Start of Block

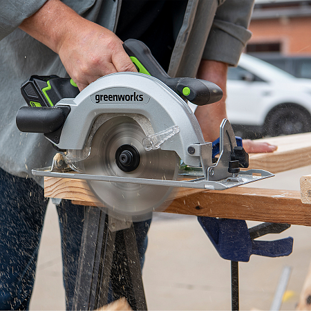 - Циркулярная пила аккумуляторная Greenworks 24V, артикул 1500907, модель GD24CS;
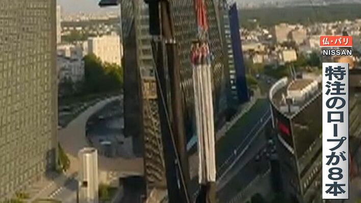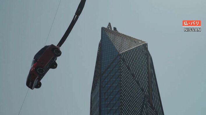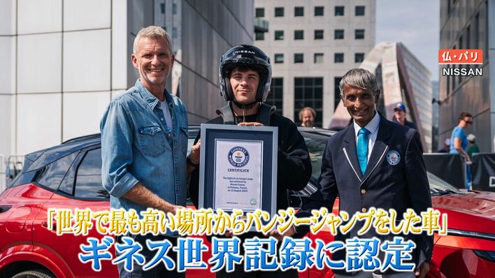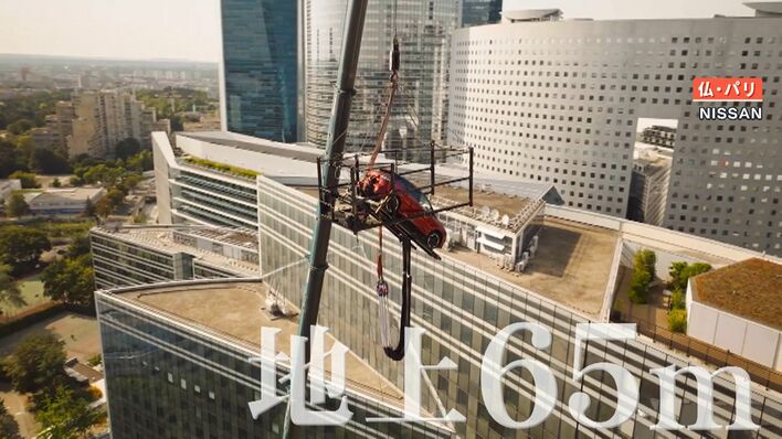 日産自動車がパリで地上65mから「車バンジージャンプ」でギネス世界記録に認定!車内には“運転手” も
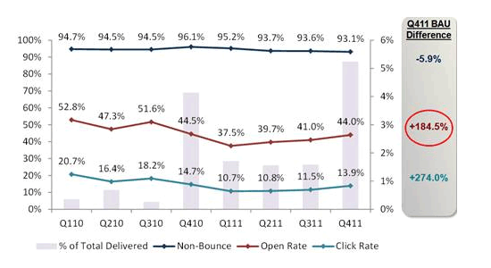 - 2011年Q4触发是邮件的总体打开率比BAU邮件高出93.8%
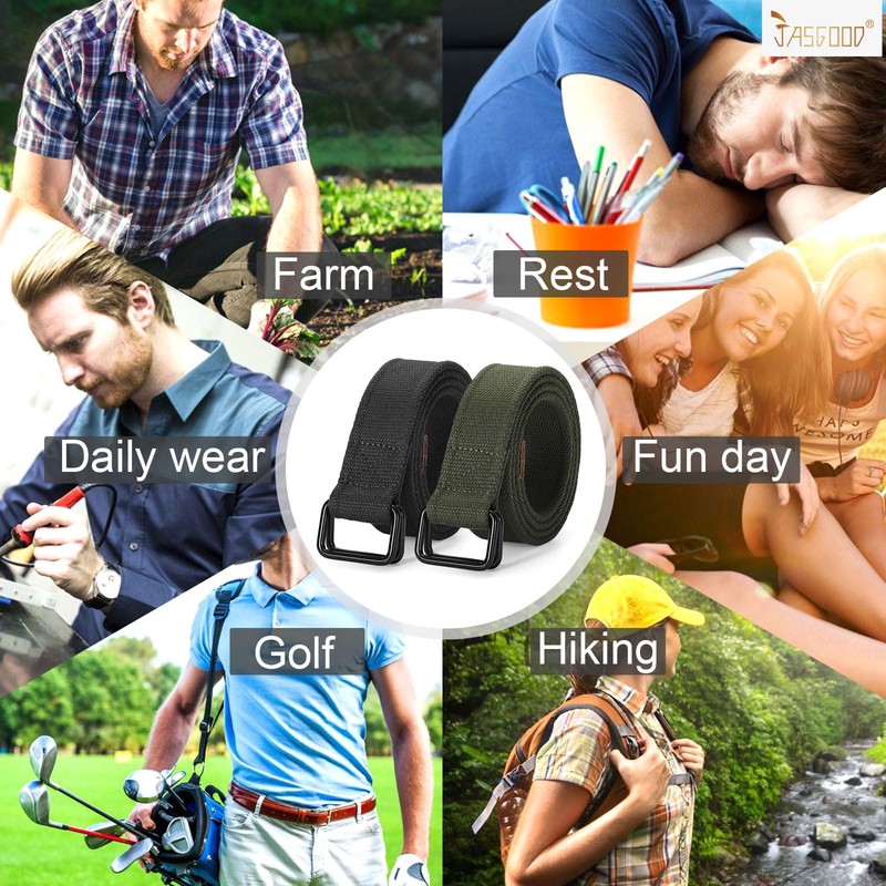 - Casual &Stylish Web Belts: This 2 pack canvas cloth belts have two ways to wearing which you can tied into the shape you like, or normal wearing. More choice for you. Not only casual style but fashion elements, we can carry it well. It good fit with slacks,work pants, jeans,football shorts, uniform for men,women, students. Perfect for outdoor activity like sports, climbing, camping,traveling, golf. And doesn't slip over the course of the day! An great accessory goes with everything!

End of Block
Start of Block

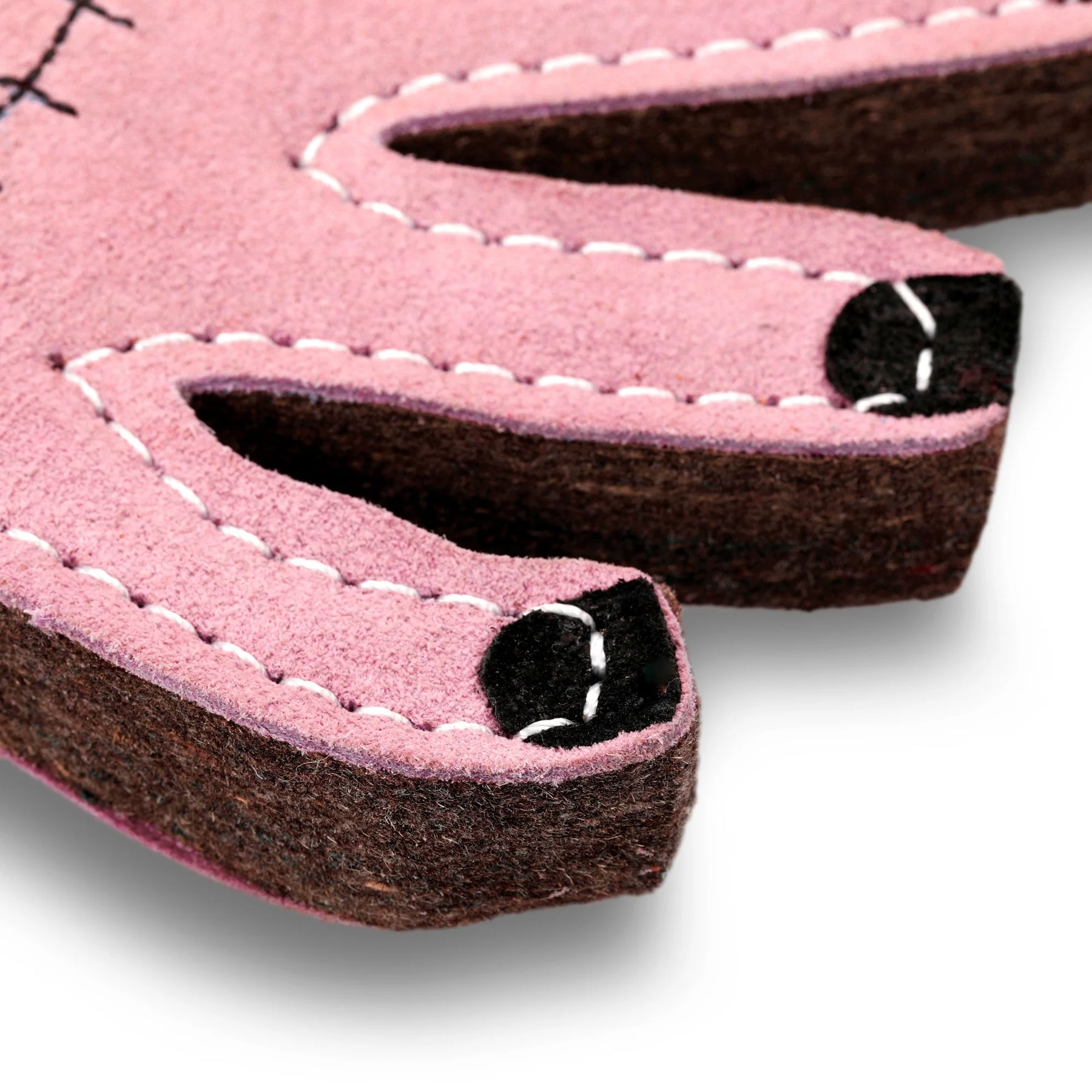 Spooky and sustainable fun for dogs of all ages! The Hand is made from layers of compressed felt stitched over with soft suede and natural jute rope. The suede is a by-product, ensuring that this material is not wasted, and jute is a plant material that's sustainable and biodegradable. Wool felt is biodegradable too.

End of Block

The answer is those lines of the material above that run from the one containing "日産自動車がパリで地上65m" up to and including the one containing "- 2011年Q4触发是邮件的总体打开率比BAU邮件高出93.8%", restated exactly and without images.

 日産自動車がパリで地上65mから「車バンジージャンプ」でギネス世界記録に認定!車内には“運転手” も
 - 2011年Q4触发是邮件的总体打开率比BAU邮件高出93.8%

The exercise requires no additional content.